この単純化した要素と新たにできた関係性にラベルをつける。これを概念化と呼んでいます。関係性の発見で実施したような文章化をしてもOKです。

例えば、時間の不足やタスクの超過、タスクの不一致は、総じて言うと、夫婦間のタスク認識の不一致によるタスクの超過です。これが課題で、これがインサイトだという結論になると思います。

時間の不足は学習のバッファのないアサインによるもので、立ち向かっていく課題や解決しなければいけない要素が明らかになってきます。これも一度グループ化をして関係性を明記し、その関係性にもう一度ラベルづけをして単純化することで、課題の構造が明らかになります。

シンプルに「ユーザーは何に一番困っているか?」を見つけやすくする。抽象化・概念化することで、複数の視点から顧客課題の捉え直しが可能になってくると思います。

ユーザーの課題やインタビューの結果を個別最適として見ると、情報量が多すぎて、複数視点での顧客課題の捉え直しは非常に難しい。抽象化・概念化して、操作可能な情報量に絞ってインサイトを明らかにしていくことが重要なポイントです。

ただし、スライドには書いていないんですが、重要なポイントとして、抽象化しすぎると、議論ができなくなったり、インタビューデータがリアリティのある情報にならなくなる。
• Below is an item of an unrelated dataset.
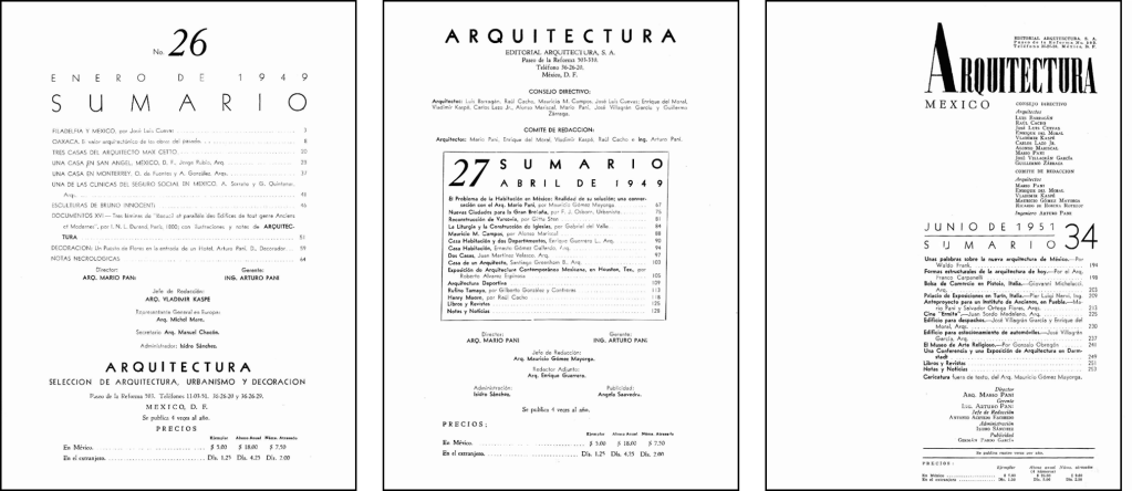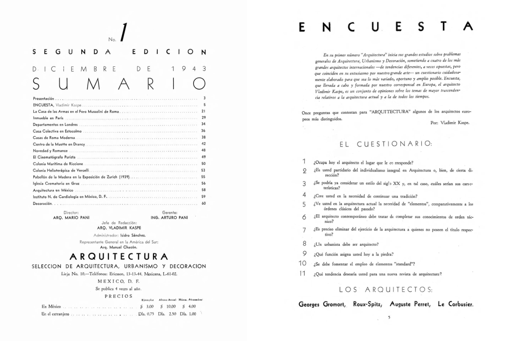 Del “Sumario” del número 1 de Arquitectura/México vale la pena resaltar, además de la “Presentación” de Pani ya citada, una interesante «Encuesta» conformada por once preguntas elaborada por Vladimir Kaspé quien como corresponsal en París la hizo llegar a “cuatro de los más grandes arquitectos internacionales -de tendencias diferentes, a veces opuestas, pero que coinciden en su entusiasmo por nuestro grande arte-“ (Georges Gromort, Roux-Spitz, Auguste Perret y Le Corbusier), con la intención de obtener opiniones “sobre los temas de mayor trascendencia relativos a la arquitectura actual y a la de todos los tiempos”.
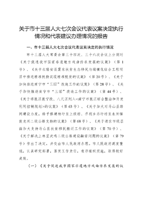 关于市十三届人大七次会议代表议案决定执行情况和代表建议办理情况的报告.docx

冒頭でもお伝えしたように、グループ化は無理やりしないほうがいいかなと思います。

こうやって発見した法則を、自社にとっての重要性と競争環境にとっての新しさで評価すると、競合優位性を担保したサービスアイデアの発見にもつながります。

先ほどの「夫婦間のタスク認識の不一致によるタスクの超過」の課題も、競争環境にいる他の企業がアプローチしているかを見て、「これは他の企業がアプローチしていない領域である」となれば、まだ競合相手が提供できていない価値や開拓できていない領域であるため、新しいビジネスチャンスになる可能性がでてきます。

これはわりと早期の段階でできる競合優位性の検証です。早い段階で競合優位性の芽を伸ばしたり、相手の芽をつぶしたりできる要素になると思います。ここまでが、法則の発見のお話です。